To assess whether MP3-seq values provide quantitative information about interaction strength, we performed three all-by-all replicates for interactions between varying-length 1×1s designed to span a wide range of Kd values48 (Fig. 2f). These interactions are not expected to be orthogonal as weaker interactions were achieved by truncating two parent four-heptad binders (AN4, BN4) by a half or full heptad48 (Fig. 2g). The MP3-seq P-LFCs correlated very well with previously measured dissociation constants over approximately three orders of magnitude (r2 = 0.94; Fig. 2h).

We explored using minimum read count filtering at different thresholds and found that filtering brought minimal or no changes to correlation with the reported Kd values. However, for the NICP series, filtering did improve correlation (particularly for Spearman’s rho) (Supplementary Fig. 4a,b).
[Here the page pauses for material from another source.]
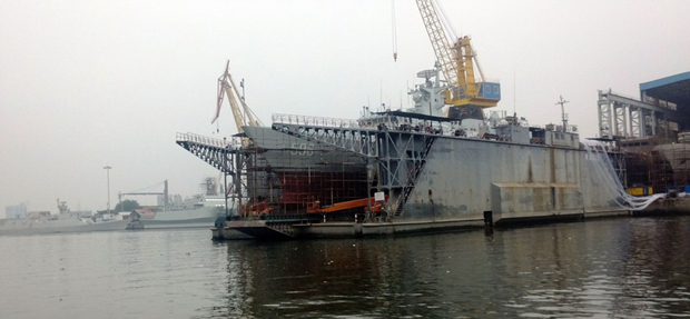 据悉,该型舰的另外一艘已经涂上了编号为“596”的舷号,或将于近期交付。

Lastly, to examine the performance for weaker interactions, we compared the correlation of enrichment and P-LFC values with the Kd values for the five weakest interactions48. Enrichments had a slightly better ability to order weak interactions than P-LFCs, suggesting that a non-DeSeq2 analysis may be better suited for the high-throughput study of weak PPIs (Supplementary Fig. 4c).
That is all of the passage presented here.